In contrast, other investigators obtained contrary results that reported an association between TNF-α (-308) polymorphism and periodontitis. Sharma et al. (2014) revealed that the TNF-α (-308) A allele is linked to a higher incidence of chronic periodontitis in the Malayalam-speaking Dravidian population in India. Moreover, Majumder et al. (2018) reported that TNF-α (-308 G/A) genotype was linked with both aggressive and chronic periodontitis in the eastern Indian population.

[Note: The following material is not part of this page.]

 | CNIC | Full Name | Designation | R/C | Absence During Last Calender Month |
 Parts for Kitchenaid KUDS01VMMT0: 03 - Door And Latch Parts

With regard to the TNF-α (-1031) polymorphism, several investigators have evaluated these polymorphisms in their ethnic populations. Yang et al. (2013) investigated four TNF-α gene polymorphisms with susceptibility to aggressive periodontitis and chronic periodontitis in Chinese subjects. They demonstrated that the TNF-α (-1031) CC genotype is associated with chronic periodontitis, while TNF-α (-308) AA genotype is associated with aggressive periodontitis. Furthermore, Soga et al. (2003) examined the relationship between severe periodontitis in Japanese and five SNPs in the TNF-α promotor area and discovered that periodontitis patients had a greater incidence of at least one allele in TNF-α -1031, -863, or -857 SNPs, compared to healthy controls. In addition, an association between TNF-α gene (-1031) gene polymorphism and chronic periodontitis has been reported in the Indian population (Majumder et al., 2018). These results were consistent with our observations. However, Endo et al. (2001) obtained contrary results and did not find any association between the TNF-α gene (-1031) polymorphism and early onset periodontitis.

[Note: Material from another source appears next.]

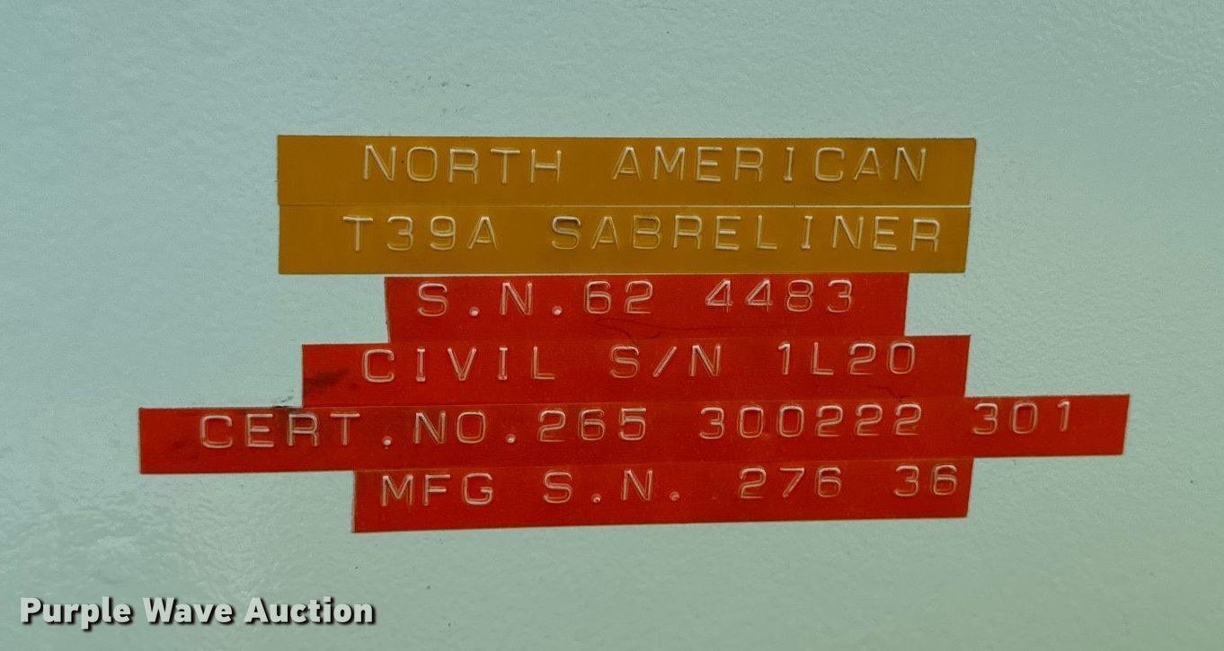 Purple Wave is selling a used Aircraft in Iowa. This item is a North American T39A Saberliner airplane with the following: Miles: Unknown, Hours: Unknown, Serial: 62 4483

In accordance with the above, the findings of the present investigation on the link between TNF-α genotypes and the risk of periodontal disease varied across ethnic groups. The reasons for these conflicting results may be attributed to several factors, such as the differences in the inclusion criteria of subjects in the patients and control groups, the variations in genetic backgrounds of the populations (so the ethnic origin of subjects must be considered), the definition of disease, population heterogeneity, exposure, as well as presence of different environmental and demographic confounding risk factors. Another important point for consideration is that an allele in a certain position (e.g., TNF-α (-308) A allele) has been established to be very rare in the Saudi population, while this allele was more frequently represented in other populations, such as in Brazilian (Menezes and Colombo, 2008) and Indian populations (Majumder et al., 2018).

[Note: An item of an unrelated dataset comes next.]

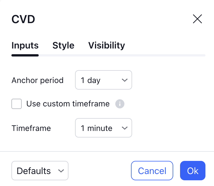 計算期間の長さを指定します。期間が新しく改まると、そのたびに出来高デルタ値の累積がリセットされ、CVDのローソク足は0からスタートします。期間中は、各バーの出来高デルタ値が期間を通じた合計に加算されるため、現在のCVDのローソク足の始値は前のローソク足の終値に等しくなります。

As per our understanding, this is the first study in Saudi Arabia to investigate the relationship between TNF-α (-308 G/A) as well as (-1031 T/C) polymorphisms and periodontitis risk. However, there are some limitations most notably the small sample size. Further research involving a larger cohort of subjects with various stages of periodontitis is necessary, along with more detailed clinical information and serological analyses, in order to clarify the role of TNF-α and its genetic modification in periodontitis risk and progression.

Conclusion

The results obtained in this investigation indicated that TNF-α (-308 G/A) polymorphisms might not be associated with the risk of periodontitis, whereas the CT genotype and the C allele of the TNF-α (-1031) T/C polymorphism are potential risk factors for periodontitis in Saudi subjects.

Source of funding

This research did not receive any specific grant from funding agencies in the public, commercial, or not-for-profit sectors.

Ethical statement

This study was approved by the Institutional Review Board of Umm Al Qura University, Makkah, Saudi Arabia.

Declaration of Competing Interest

The authors declare that they have no known competing financial interests or personal relationships that could have appeared to influence the work reported in this paper.